Prompt Caching

Reduce costs by 90% by caching repeated context in prompts

8 min read•Updated 11/9/2025

💡ELI5: What is Prompt Caching?

Imagine you're reading a really long book to answer different questions. Prompt caching is like putting a bookmark in the book! Instead of reading the whole book from the beginning each time, you remember where you were and just read the new question.

When you send the same instructions or context to AI multiple times, caching remembers it so you don't have to pay to send it again. It's like reusing homework instead of redoing it every time!

Example: First time: "Here are our 100-page docs... [question]" costs $1 → Next time: "Same docs (from cache)... [new question]" costs $0.10! You save 90%!

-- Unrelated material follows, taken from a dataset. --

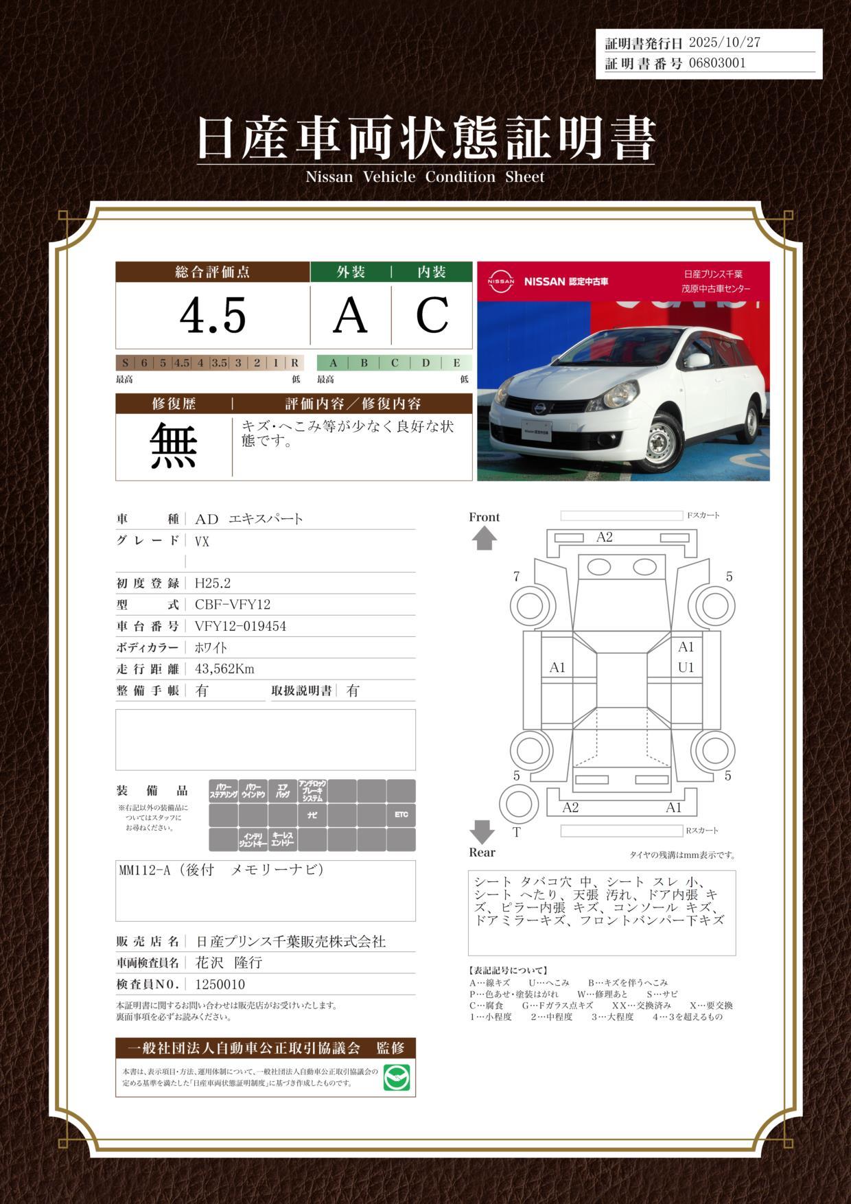 | 保証について | [保証付]:12ヶ月・走行無制限 |

🛠️For Product Managers & Builders

When to Use Prompt Caching

Perfect for:

• System instructions reused across all requests
• Large context (documentation, code repos)
• Few-shot examples repeated in prompts
• Conversation history in chatbots
• RAG systems with static knowledge bases

Not beneficial for:

• Content that changes every request (timestamps, user IDs)
• Very small prompts (<1000 tokens)
• Single-use requests (batch processing)
• Highly personalized content per user

Impact Metrics

90%

Cost Reduction

40%

Faster Response

5min

Cache Duration

What to Cache

System Instructions

Shared across all users

Large Documentation

API docs, knowledge bases

Few-Shot Examples

Training examples in prompts

Chat History

Previous conversation turns

Deep Dive

Prompt Caching

Prompt caching is a technique that can reduce your LLM costs by up to 90% by reusing computed context across multiple requests. If you're repeatedly sending the same system instructions, documentation, or context, you're paying for the same tokens over and over—unless you cache them.

What is Prompt Caching?

Prompt caching allows you to mark portions of your prompt as cacheable. The LLM provider stores the processed representation of that content, so subsequent requests that include the same content don't need to reprocess it from scratch.

Without caching:

Request 1: Process 10,000 tokens of context + 50 tokens of query = $0.30
Request 2: Process same 10,000 tokens + new 50 token query = $0.30
Total: $0.60

With caching:

Request 1: Process 10,000 tokens (cache miss) = $0.30
Request 2: Read 10,000 tokens from cache + process 50 new tokens = $0.03
Total: $0.33 (45% savings, and it gets better with more requests)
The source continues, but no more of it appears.